Now, 80 GB isn’t much these days and certainly a step down from my 160 gigabytes of V8 muscle. But I wanted the best of both worlds, speed and capacity, so I decided to ditch the optical drive and trade it in for some harddisk space. After all, software isn’t distributed on CDs or DVDs anymore (except for proprietary operating systems, perhaps), nor are music and movies. Should I ever require an optical drive (e.g. to watch a rented movie), chances are good I’m at home where I can use my external USB/Firewire thingy.

On the 5th gen MacBooks, replacing the optical drive with a harddrive is, at least in theory, trivial because the optical drive is SATA as well. On previous MacBooks, the optical drive has a PATA connector so you’ll need a small controller that translates from ATA to SATA. In either case you’ll want to fit the harddrive into a cage that has the same dimensions and mounting points as an optical drive.

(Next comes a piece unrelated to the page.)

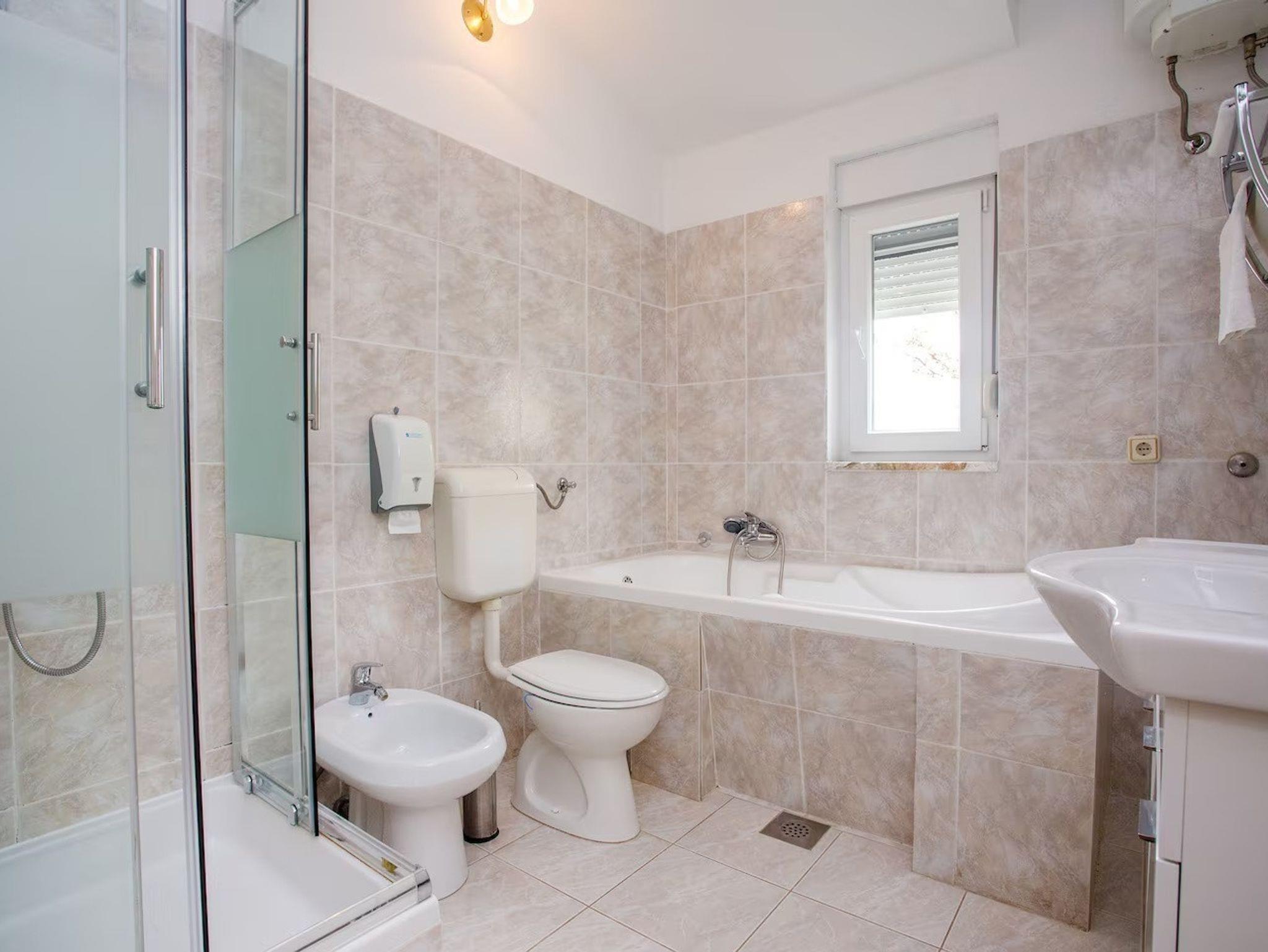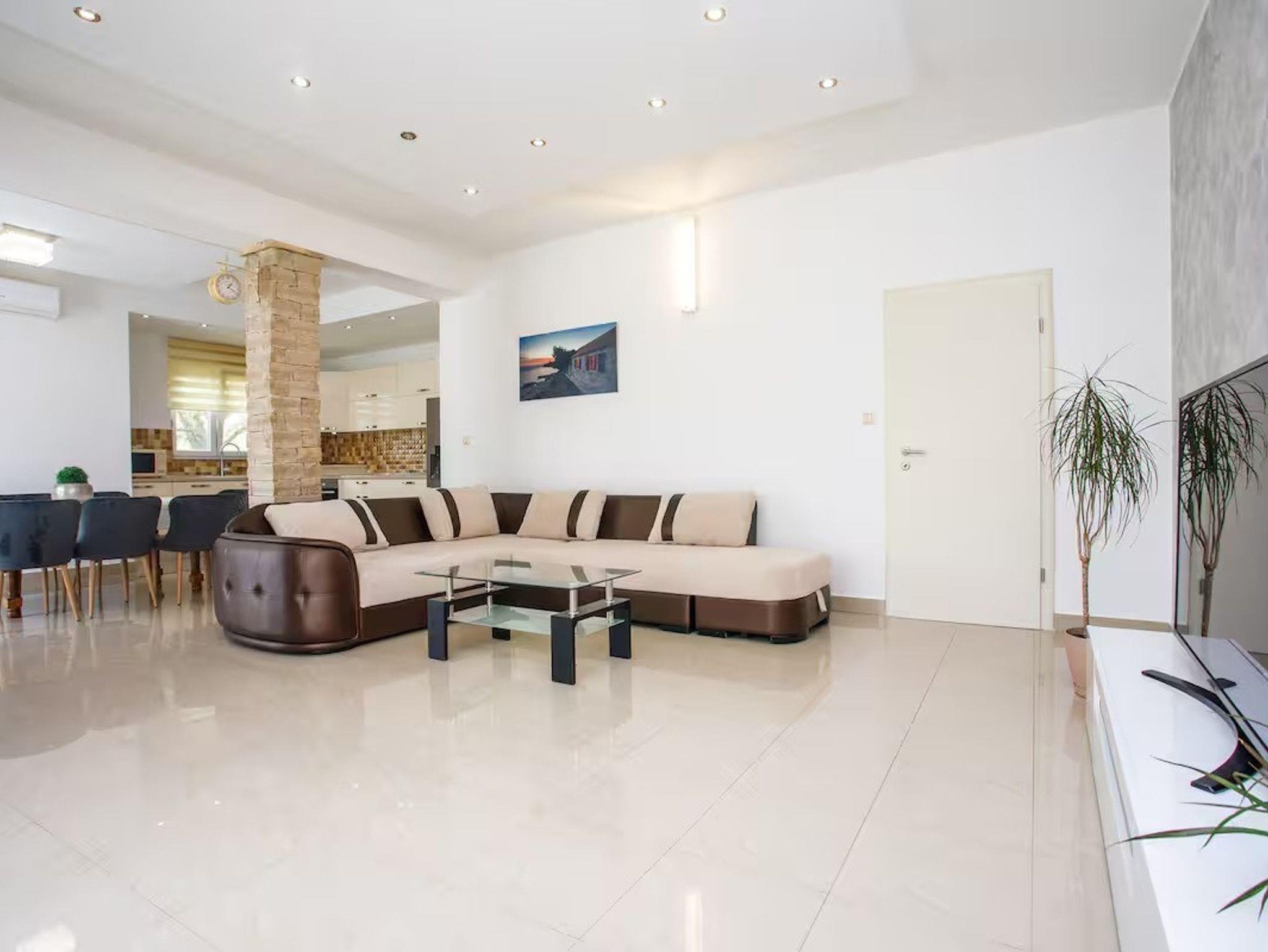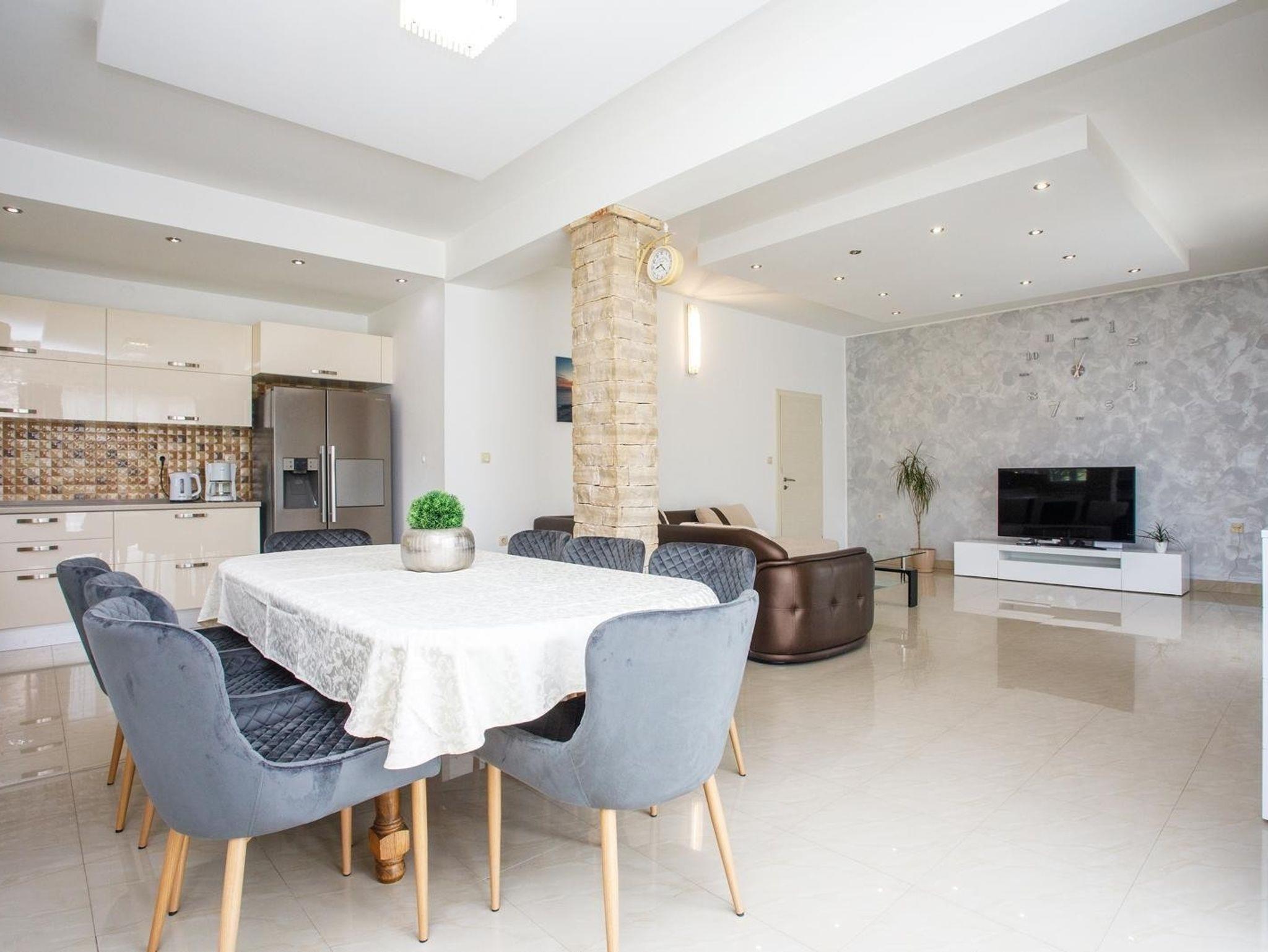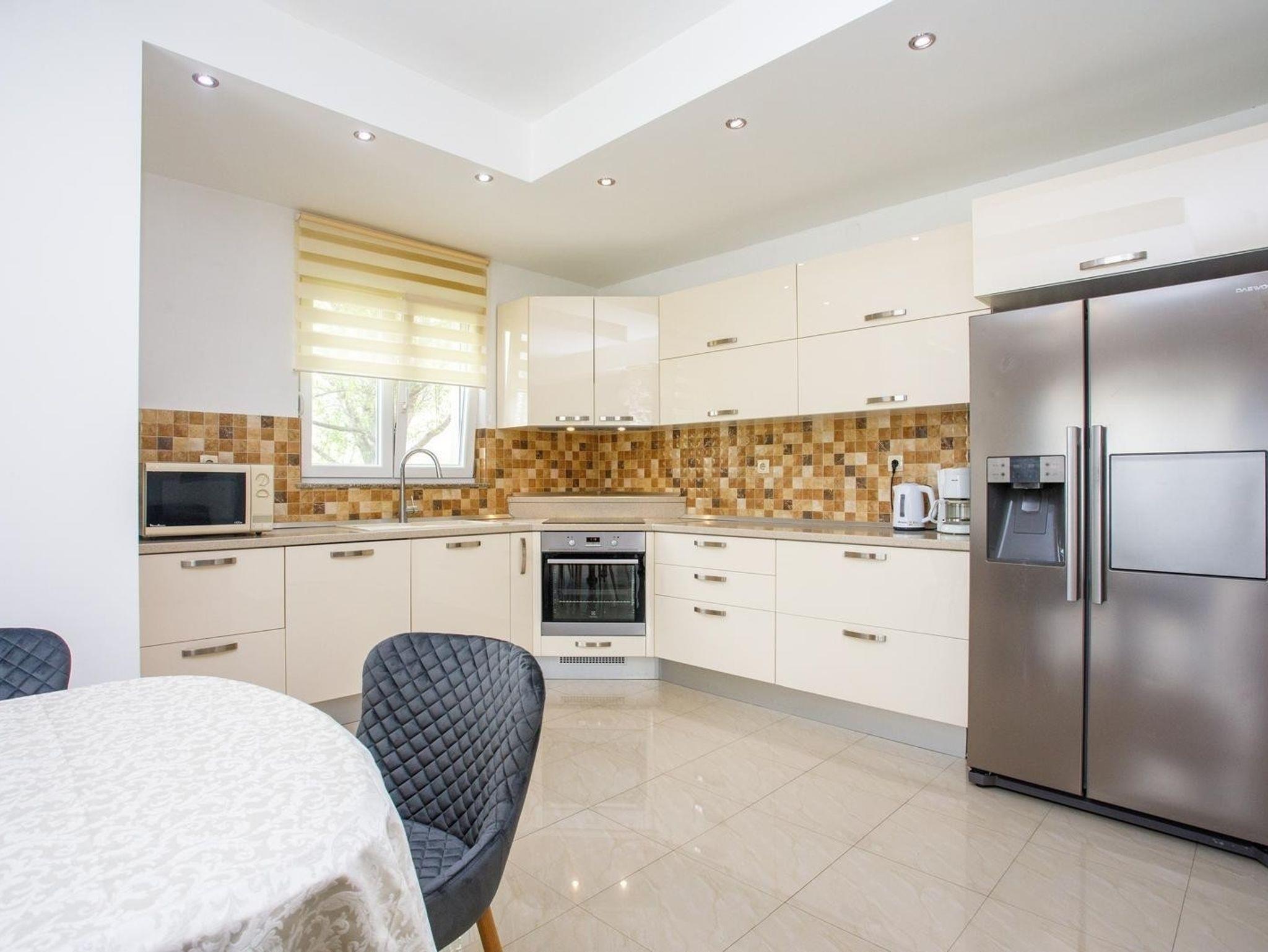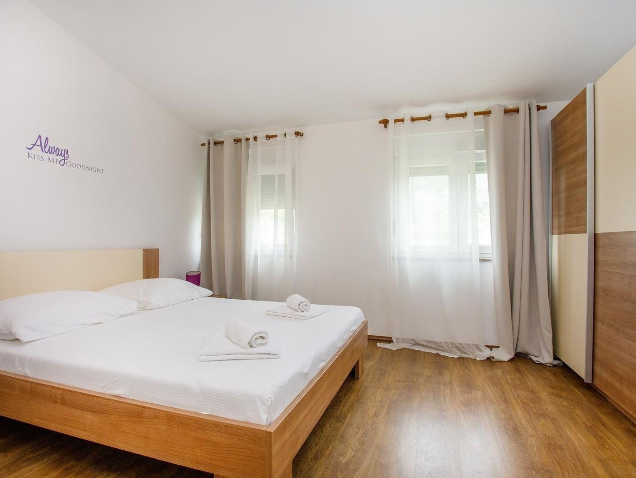 Haus bietet Platz für 10 Gäste. Die Betten sind in Schlafzimmern, die es 3 gibt, und in Wohnzimmer, innerhalb einer Gesamtfläche von 190m2, angeordnet. Die Gäste haben eine eigene Terrasse zur Verfügung, auf der sie in warmen Sommernächten genießen können. Für vollen Genuss und Entspannung gibt es einen privaten Grill für Gäste dieser Unterkunft. Während ihres Aufenthalts können sich Gäste im privaten Schwimmbad entspannen. IM PREIS INBEGRIFFEN: Kurtaxe, Endreinigung, Klimatisierung, Pool, Parkplatz, Internet, Fahrrad, Kinderbett, Bügeleisen, Bügelbrett, Föhn, Sonnenschirm, Liegestühle. VERBINDLICHE ZUSÄTZLICHE KOSTEN: Aufzahlung für Kurzaufenthalte (prozentualer Zuschlag pro Nächtigungsanzahl: 30% - 1, 20% - 2, 10% - 3). Die Verfügbarkeit zusätzlicher Dienstleistungen in Ihrem reservierten Termin und die Preise derselben (falls nicht aufgeführt) müssen im Voraus überprüft werden. Zusätzliche Dienstleistungen die in der Zahlungsaufforderung nicht aufgeführt sind werden direkt beim Vermieter bezahlt, angenommen der Gast nutzt auch diese. Ermäßigung auf den Grundpreis: Gratistag 21=19 (bei einem Aufenthalt von 21 Tagen oder mehr erhalten Sie 2 Gratistage für den Aufenthalt bis 31.12.26).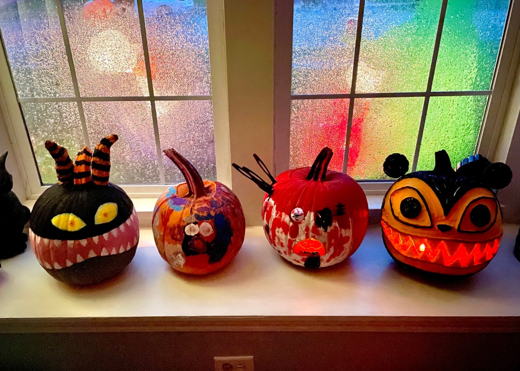October brings all kinds of beloved traditions, and one of our favorites around here is pumpkin carving. We love carving and decorating our pumpkins into some truly interesting characters, and we often use every item in our craft supply bin to transform them! My kids especially love this tradition, and they try to out-do themselves every year.

MCE Technologies offers a solution for this called OptiBay, custom tailored for the MacBook or MacBook Pro. If you purchase the harddrive cage by itself, it’s $129. Add $43 to that for international shipping with FedEx. A cheaper solution comes from newmodeus: an HDD cage that’s intended to take the place of a removable optical drive that some laptops have. It’s a mere $42. Shipping with regular US postal service costs just $8 and it only took a few days to get to Germany. The only minor inconvenience was that unlike UPS or FedEx, the regular postal service doesn’t do the customs stuff for you, so I had to go to the local customs office and pick it up. Normally I would have to have paid German V.A.T. on it, but since this is a business expense, I didn’t.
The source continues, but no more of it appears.